I read it in a book for school. Unfortunately reveals how young I am :o. Of course I will revisit Dostoevsky's works and Russian literature in general. Tolstoy and Anton Chekhov.

Literature just doesn't get better than the one written by the russians, especially the realist literature of the 19th century (and Doctor Zhivago in the 20th, one of the best russian novels that I've read). And the longer the novel is, the better. I love just immersing me in a novel on 1000-1500 pages (a Brother Karamazov or a War and Peace). Tolstoy is almost equal to Dostoevsky, by Chekov I've so far only read a collection of short-stories and I can't say that I was that impressed.

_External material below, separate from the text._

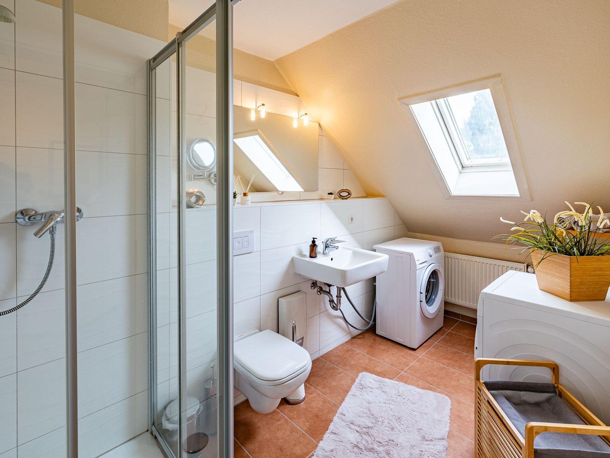 Das Reihenhaus „LEE“ ist eine schöne Maisonettewohnung und bietet neben einem Flur, zwei separaten Schlafzimmern, zwei Bädern (davon ein Bad mit Waschmaschine) eine geschmackvolle Küche und einen gemütlichen Wohnbereich. Für einen erholsamen Schlaf warten im Obergeschoss unsere hochwertigen Boxspringbetten. Beide Badezimmer befinden sich ebenfalls im Obergeschoss und verfügen jeweils über Dusche und WC. Im modern und zugleich gemütlich eingerichteten Wohnzimmer werden unsere Gäste amüsante Spielrunden oder spannende Stunden vor einem neuen Flatscreen Fernseher (104 cm Diagonale) verbringen.
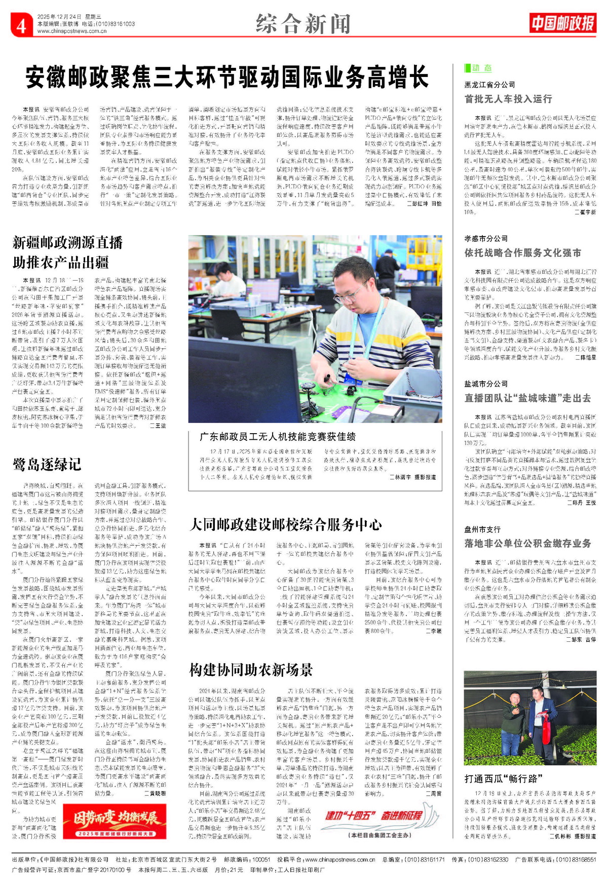 在服务支撑方面,安徽邮政聚焦地方特色产业物流需求,创新推出“服装专线”等定制化产品,为相关企业提供更具针对性的寄递解决方案;加快当地运能资源整合开发,成功打造“江海联运”新通道,进一步优化国际物流运输网络;强化信息系统技术支撑,提升订单处理、物流追踪等全流程响应速度,持续改善客户用邮体验,以高品质服务赢得市场认可。

And to clarify something that I don't think was very obvious: White Nights and The Memoirs of a Dreamer is the same novel, it has two different titles, at least in swedish.

But what did you think of Notes from the Underground? At least it couldn't have been boring, considering it is quite short.

I thank you for your recommendations and patience because you could have just scoffed at me for finding "Brothers" boring.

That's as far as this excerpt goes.